Ph.D., president and chief executive officer of PTC Therapeutics. "The

significant progress that we have made with PTC124 is a result of our

unique drug discovery approach as well as the extraordinary support that we

have received from the physician, patient, advocacy and regulatory

communities. We look forward to initiating registration-directed studies of

PTC124 for nonsense-mutation- mediated CF within the next few months."

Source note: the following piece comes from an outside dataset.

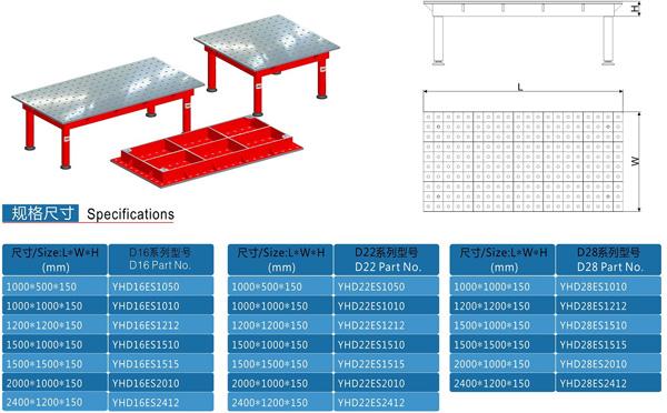 工裝平臺的選用需根據(jù)產(chǎn)品的大小,形狀而定,鈑金類及小型鋼結(jié)構(gòu)件多采用D16系列的平臺;

    In June 2008, PTC announced encouraging new data from recently

completed Phase 2a studies in adult and pediatric CF patients at the

European Cystic Fibrosis Conference. Results from these studies

demonstrated statistically significant improvements in the primary outcome

measure-nasal potential difference (NPD)-across a variety of age ranges,

geographies, and nonsense mutation types. In the three-month, Phase 2a

extension study of adult patients, results demonstrated a statistically

significant mean decrease [28 percent] in the frequency of cough, one of

the most prominent and burdensome CF-related symptoms.

    About Cystic Fibrosis



    Cystic fibrosis (CF) is a life-threatening genetic disease that causes

serious lung infections and digestive complications. According to the

Cystic Fibrosis Foundation, CF affects approximately 30,000 adults and

children in the United States and nearly 70,000 people worldwide. CF occurs

in approximately one of every 3,500 live births, with approximately 1,000

new cases diagnosed each year in the United States. There is a commercially

available genetic test to determine if a patient's CF is caused by a

nonsense mutation, and it is estimated that nonsense mutations are the

cause of CF in approximately 10 percent of patients in the United States.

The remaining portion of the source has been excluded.